- WHAT TO DO -
Pictures in the records below must be left out. Return exactly the lines from the line with "三ノ沢出合付近に天場があるか" to the line with "1 / 13Barcelona's", both included.

- DATA RECORDS -
"""
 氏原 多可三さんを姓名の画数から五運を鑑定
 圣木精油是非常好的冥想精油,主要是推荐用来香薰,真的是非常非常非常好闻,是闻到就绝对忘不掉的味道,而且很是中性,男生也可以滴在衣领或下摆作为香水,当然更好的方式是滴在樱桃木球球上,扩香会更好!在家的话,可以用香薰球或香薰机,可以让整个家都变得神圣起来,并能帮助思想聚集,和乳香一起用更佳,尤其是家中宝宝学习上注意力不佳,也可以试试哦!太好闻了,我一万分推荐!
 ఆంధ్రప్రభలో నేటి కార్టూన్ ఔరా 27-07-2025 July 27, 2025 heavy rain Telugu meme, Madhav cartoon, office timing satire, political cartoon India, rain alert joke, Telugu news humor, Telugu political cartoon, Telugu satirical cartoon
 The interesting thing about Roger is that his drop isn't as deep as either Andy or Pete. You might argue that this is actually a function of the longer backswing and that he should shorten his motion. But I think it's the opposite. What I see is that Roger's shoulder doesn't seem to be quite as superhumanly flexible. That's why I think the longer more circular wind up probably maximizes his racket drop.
"""
"""
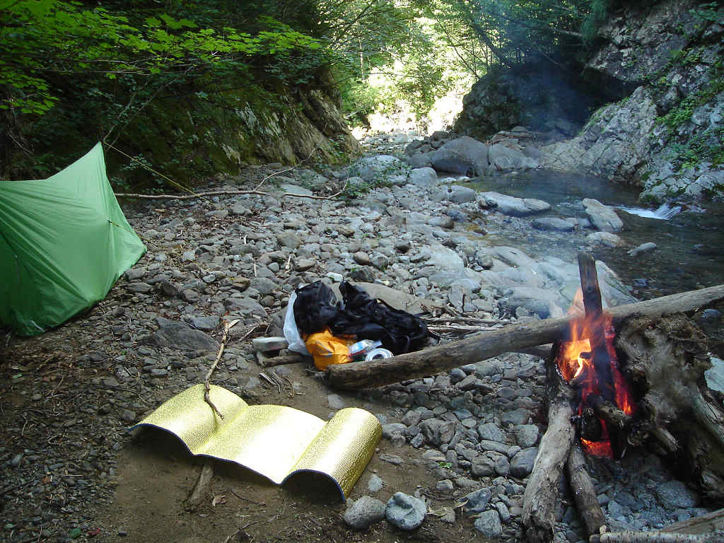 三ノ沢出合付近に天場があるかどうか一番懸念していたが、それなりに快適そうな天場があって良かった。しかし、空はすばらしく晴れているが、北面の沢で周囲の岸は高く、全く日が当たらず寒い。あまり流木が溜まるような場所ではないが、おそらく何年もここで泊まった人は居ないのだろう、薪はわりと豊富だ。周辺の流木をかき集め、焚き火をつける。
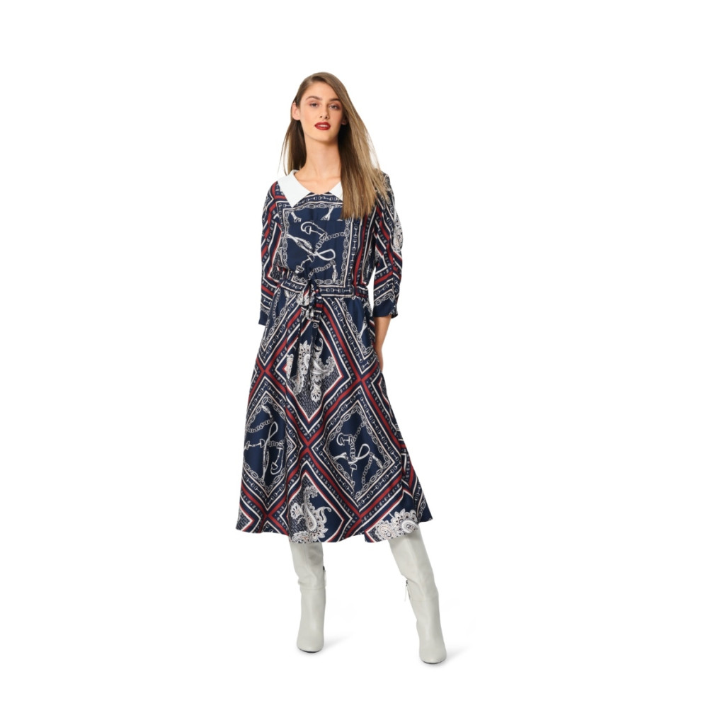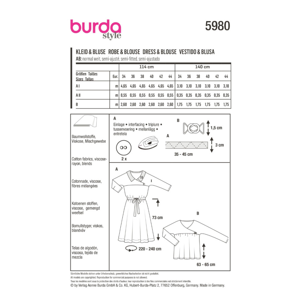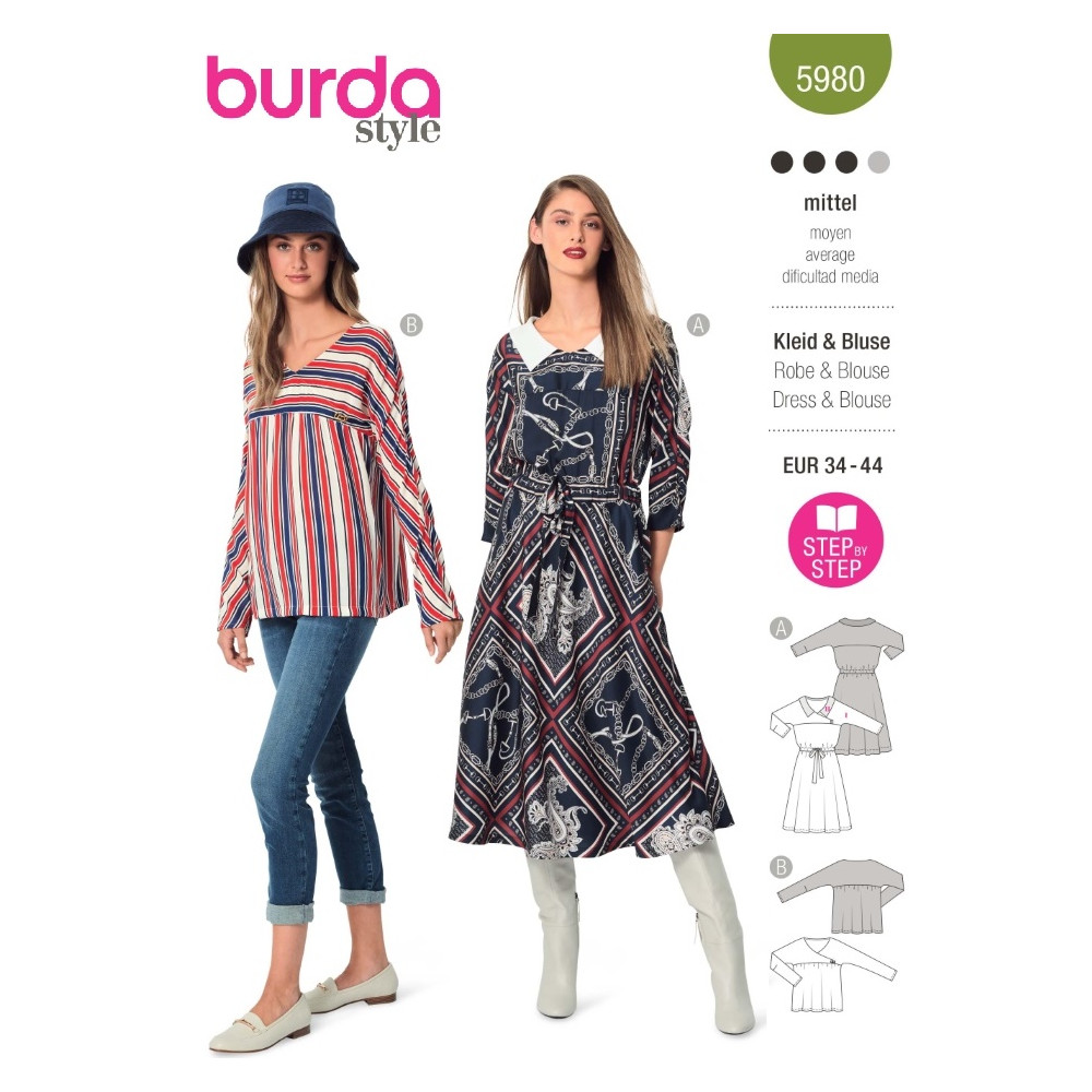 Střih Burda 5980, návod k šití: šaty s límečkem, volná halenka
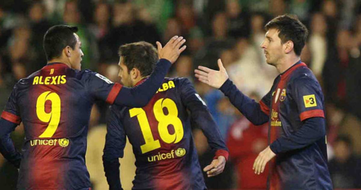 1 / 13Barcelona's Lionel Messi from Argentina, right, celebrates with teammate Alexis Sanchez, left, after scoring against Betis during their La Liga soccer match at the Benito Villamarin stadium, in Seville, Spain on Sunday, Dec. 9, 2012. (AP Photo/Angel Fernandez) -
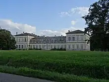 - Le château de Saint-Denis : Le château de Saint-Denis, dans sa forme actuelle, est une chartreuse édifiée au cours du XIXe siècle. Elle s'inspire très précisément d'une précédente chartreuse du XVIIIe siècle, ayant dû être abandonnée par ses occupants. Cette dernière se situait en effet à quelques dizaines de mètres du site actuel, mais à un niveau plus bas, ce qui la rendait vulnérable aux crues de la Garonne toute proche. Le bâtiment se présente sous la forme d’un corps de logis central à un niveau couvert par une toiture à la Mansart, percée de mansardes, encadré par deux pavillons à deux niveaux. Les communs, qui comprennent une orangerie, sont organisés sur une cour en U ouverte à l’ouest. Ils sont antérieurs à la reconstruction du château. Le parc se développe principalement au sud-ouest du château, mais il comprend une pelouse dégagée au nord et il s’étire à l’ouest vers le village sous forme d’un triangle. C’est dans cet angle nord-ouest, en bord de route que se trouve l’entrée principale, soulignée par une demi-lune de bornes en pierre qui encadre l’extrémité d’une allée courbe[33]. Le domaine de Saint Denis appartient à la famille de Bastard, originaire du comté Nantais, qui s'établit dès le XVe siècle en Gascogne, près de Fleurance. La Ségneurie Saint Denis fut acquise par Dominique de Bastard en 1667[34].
"""
"""
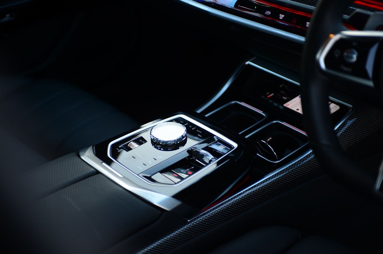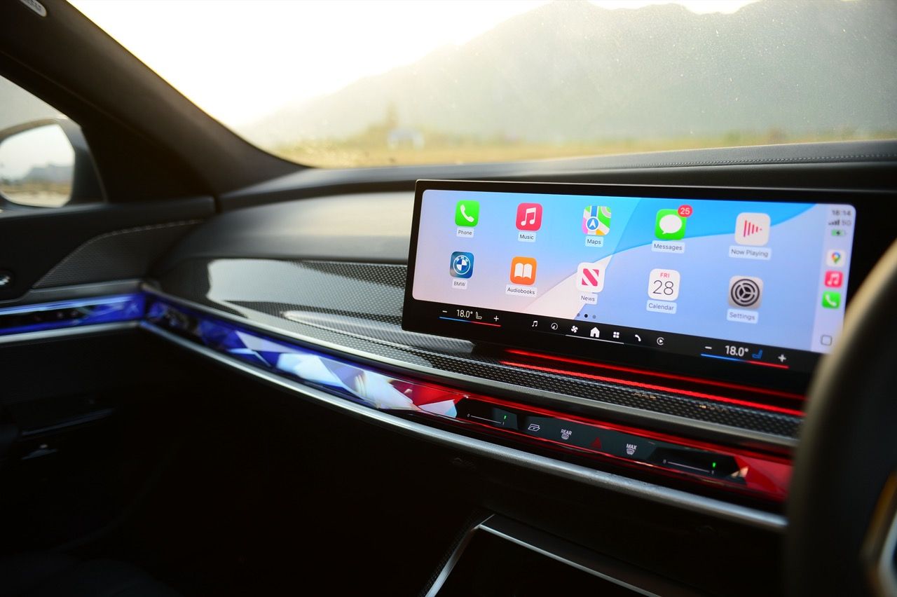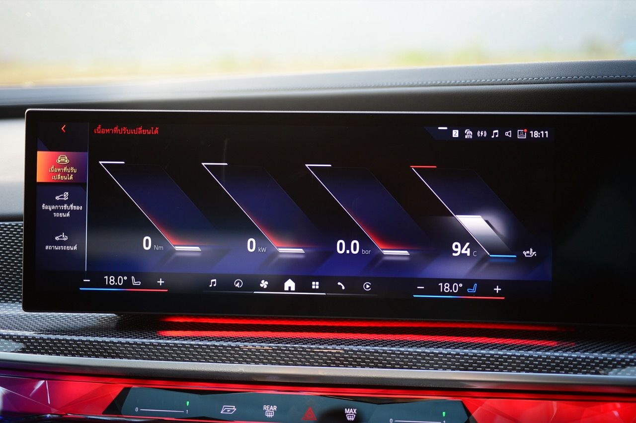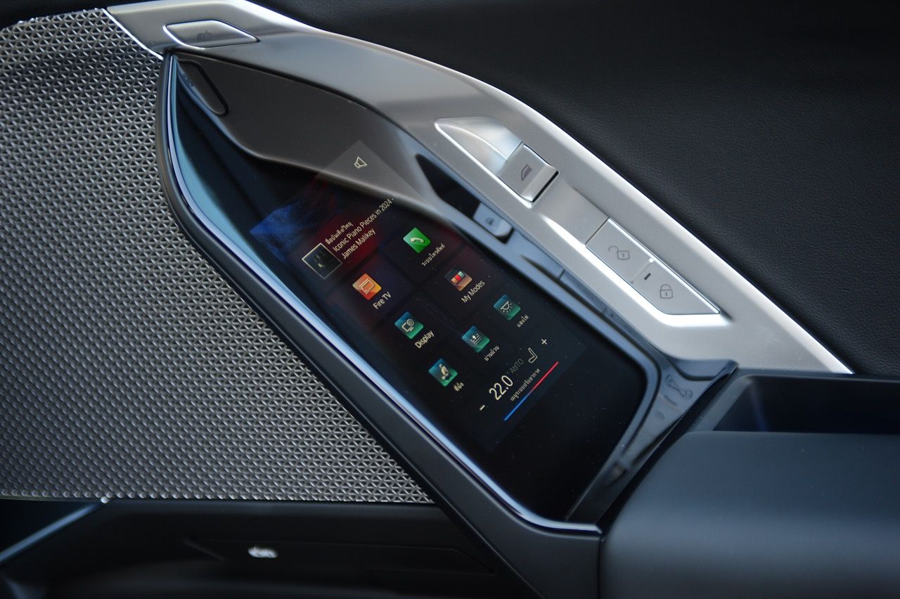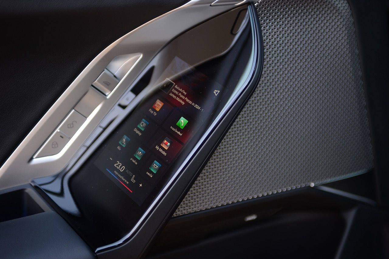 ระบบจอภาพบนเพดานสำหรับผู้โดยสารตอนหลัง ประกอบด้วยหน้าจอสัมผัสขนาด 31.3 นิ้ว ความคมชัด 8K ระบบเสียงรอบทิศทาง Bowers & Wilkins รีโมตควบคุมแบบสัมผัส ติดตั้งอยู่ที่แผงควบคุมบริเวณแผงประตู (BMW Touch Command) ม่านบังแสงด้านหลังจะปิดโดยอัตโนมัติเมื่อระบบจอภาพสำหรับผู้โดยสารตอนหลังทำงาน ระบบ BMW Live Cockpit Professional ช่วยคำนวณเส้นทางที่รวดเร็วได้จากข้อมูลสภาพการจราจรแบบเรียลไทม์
"""
- COMPLETED EXERCISE -
 三ノ沢出合付近に天場があるかどうか一番懸念していたが、それなりに快適そうな天場があって良かった。しかし、空はすばらしく晴れているが、北面の沢で周囲の岸は高く、全く日が当たらず寒い。あまり流木が溜まるような場所ではないが、おそらく何年もここで泊まった人は居ないのだろう、薪はわりと豊富だ。周辺の流木をかき集め、焚き火をつける。
 Střih Burda 5980, návod k šití: šaty s límečkem, volná halenka
 1 / 13Barcelona's Lionel Messi from Argentina, right, celebrates with teammate Alexis Sanchez, left, after scoring against Betis during their La Liga soccer match at the Benito Villamarin stadium, in Seville, Spain on Sunday, Dec. 9, 2012. (AP Photo/Angel Fernandez) -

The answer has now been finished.